Among the new methods, Mask-RCNN [18] adds a mask branch based on faster R-CNN [44]. This branch changes ROI pooling to ROI alignment, so as to obtain pixel-level mask prediction. It also has the functions of object detection and instance segmentation. This method has become a general framework.

2.2. Weakly Supervised Segmentation Methods

The fully-supervised segmentation model can segment accurate results after training with a large number of pixel-wise labels, but it is extremely expensive to obtain pixel-wise labels. To address this issue, different levels of weakly supervised labels are adopted to solve the problem of manually labeling large amounts of data, such as image-level [39,45,46,47,48,49,50], scribbles [51,52,53], and point labels [54]. Because these weakly supervised labels provide limited prior information, it is difficult to produce satisfactory results for the complex medical images. In this article, we focus on using bounding box-level labels to balance labeling cost and segmentation accuracy. Previous box-level weakly supervised segmentation methods usually need to manually generate weakly supervised pseudo labels, and then use pseudo labels for training on fully supervised methods. Specifically, it can be divided into three stages: the first stage uses GrabCut [55] or MCG [56] to generate pixel-level pseudo labels, the second stage uses the generated pseudo labels as ground-truth to train the segmentation model, and the third stage uses an iterative algorithm or conditional random fields (CRFs) [2,57,58,59,60] to optimize and post-process the segmentation results. Therefore, it is difficult to solve the gap between the ground-truth and the pseudo label, and the final segmentation result will be significantly worse than the effect of the pseudo label. Compared with previous work, our weakly supervised segmentation method is different in the following respects. Firstly, our model does not require manual generation of pseudo labels. Secondly, we first use box labels to train the target detection model, and then use GrabCut [55] to separate the foreground and background regions of the detected target region in the inference stage. Thirdly, in terms of final mask optimization, we abandoned the use of CRFs [2,57,58,59,60], and instead adopted the faster ConvCRF [20,61,62,63] for post-processing.

2.3. Attention Mechanism

Human vision can quickly scan the global image to obtain the target areas that need to be focused on. The attention mechanism in deep learning is similar to the human visual attention mechanism, and the goal is to select the critical information in the current task. By adjusting the feature map, Wang proposed a residual attention network [64,65], which not only performs better but also is robust to noisy input. Oktay proposed the Attention-Unet [6,66] to suppress the information of unimportant regions, which is better in segmentation. Hu [67,68,69] proposed the Squeeze-and-Excitation module based on the relationship between channels. It only uses global average pooling to calculate channel attention. However, as shown in spatial attention [70], it also plays an important role in convolutional networks. It will tell the network "where" to focus. Since then, the application of channel attention and spatial attention have become a consensus. DANet [71] introduces the idea of self-attention, which can better capture features through a long-range context. CCNet [72,73] skillfully uses the criss-cross idea, which greatly reduces the amount of calculation. In this paper, we add CBAM [21] to Mask R-CNN [18] for the first time, which also has channel attention and spatial attention. Channel attention tells us “what” is meaningful and spatial attention tells us “where” important information is.

3. Methods

The Mask R-CNN is extended from Faster R-CNN [18,74] and is a two-stage framework. The first stage is the Region Proposal Network [43] (RPN). In the second stage, further fine-tuning frames for the ROI proposed by RPN. Finally, the parallel Mask head branch will segment the target mask.

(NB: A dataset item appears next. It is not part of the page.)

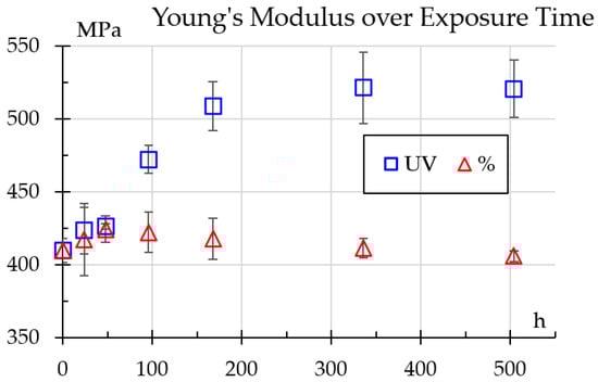 Figure 8 illustrates progression of Young’s modulus values for samples exposed to UV light and humidity. One can see distinct trends for each treatment. For UV-exposed samples, the modulus steadily increases during the first week and remains stable. Its evolution was adjusted to the time-dependent relation shown in Equation (3).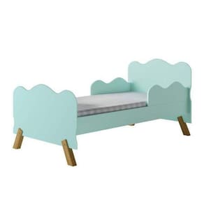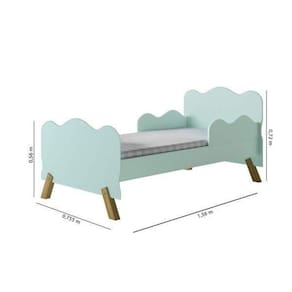 Mini Cama Infantil com Proteção Lateral Menta. A Mini Cama é o produto ideal para os bebês maiores, sendo muito utilizada na transição entre berço e cama de solteiro. A maioria das crianças acaba fazendo essa transição em algum momento entre 1 ano e meio e 3 anos e meio. Apresenta design moderno, com cantos arredondados e barra de proteção lateral, muito seguro, é um produto desenvolvido em 100% MDF e com acabamento em Pintura UV e Lacca PU, qualidade que também aparece no design, auxiliando na decoração do quarto de seus filhos. Tamanho de Colchão: 1500 x 700 mm Ean: 7898196633996

In the weakly supervised segmentation branch, we directly use the detection boxes to segment the lesion area, to avoid the gap between the pseudo labels and ground-truth labels. This improves the segmentation performance. The key points and differences of the method are detailed in the following subsections. The architecture of the segmentation model is shown in Figure 2.

3.1. Segmentation Model Based on Dual Attention Guidance

FPN, as the backbone network of Mask R-CNN, performs well in conventional segmentation tasks. However, when segmenting medical images with complex and fuzzy boundaries, it often results in missing segmentation or wrong segmentation. The reason is that the correct features of the lesion area are not extracted. Therefore, we add the dual attention module in the backbone network and the improved attention-FPN structure is shown in the attention FPN part of Figure 2. As shown in Figure 3, the specific joining position of the dual attention module is in the Conv block and identity block of ResNet. Conv block and identity block are the basic modules of ResNet network. Conv block has convolution operation on branches, which can change the number of output channels of the block; Identity block has no operation on the branch, and the number of input and output channels of this block is the same. In our model, a dual attention mechanism is added to these two different blocks.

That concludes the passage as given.